= James Cosmano =

James Cosmano also known as "Sunny Jim" (July 17, 1885 – May 2, 1963) was a leader of the Black Hand street gang in pre-Prohibition Chicago who tried to extort money from the South Side gang.

==Early years==
Born Vincenzo Cosmano in Molochio, Reggio Calabria, Italy, July 17, 1885. He arrived in the United States at Ellis Island on May 14, 1904 aboard the San Gottardo. After a stay in Canada, he crossed over into the US at St. Albans, VT, on December 22, 1904. Cosmano joined the Black Hand as a young man. Cosmano and other Black Handers, including James "The Mad Bomber" Belcastro, preyed on the residents of Chicago's Little Italy and other city neighborhoods at the turn of the 20th century.

==Extortion and Doublecross==
In 1910, Cosmano tried to extort money out of James "Big Jim" Colosimo, a powerful brothel owner in the Levee section of Chicago. Cosmano threatened to beat up Colosimo's prostitutes and their customers if he did not receive $50,000 a week. To protect himself, Colosimo brought in his nephew Johnny "The Fox" Torrio, a New York mobster from the Five Points Gang. After Torrio's arrival in Chicago, ten members of the Black Hand gang had been murdered. However, Cosmano continued to threaten Colosimo.
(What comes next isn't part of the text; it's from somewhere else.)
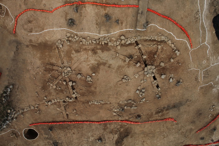 ▲할미산성 발굴조사에서 확인된 다각형건물지. |

In early 1912, Cosmano sent Colosimo a letter threatening to torch his cafe, the Colosimo, unless Colosimo paid him $10,000. Colosimo reportedly asked Torrio to take care of the problem. On January 18, Cosmano was ambushed and severely wounded.

==Survival==
Cosmano survived the attack and was taken to the hospital. Later, several of his associates smuggled Cosmano out of the hospital to protect him. Cosmano then left Chicago to continue his activities elsewhere.

An associate of labor racketeer Timothy "Big Tim" Murphy, Cosmano was tried with Murphy, Michael "Dago Mike" Carozzo and James Vinci, in the 1920 gangland slaying of Maurice "Mossy" Enright. However, Cosmano, Murphy, and Carozza were eventually released due to lack of evidence.

Cosmano, Murphy, and others attempted to steal $380,000 in cash and bonds from the US Mail in 1921. One of the postal inspectors in on the plot confessed and part of the loot was found in Murphy's attic. Though defended by Clarence Darrow, both Murphy and Cosmano were convicted of conspiracy to rob the US Mail. Cosmano was sentenced on November 14, 1921, and was incarcerated in Leavenworth beginning in February, 1923. Upon release in 1926, and after failed attempts to fight deportation, he returned to Italy in 1927.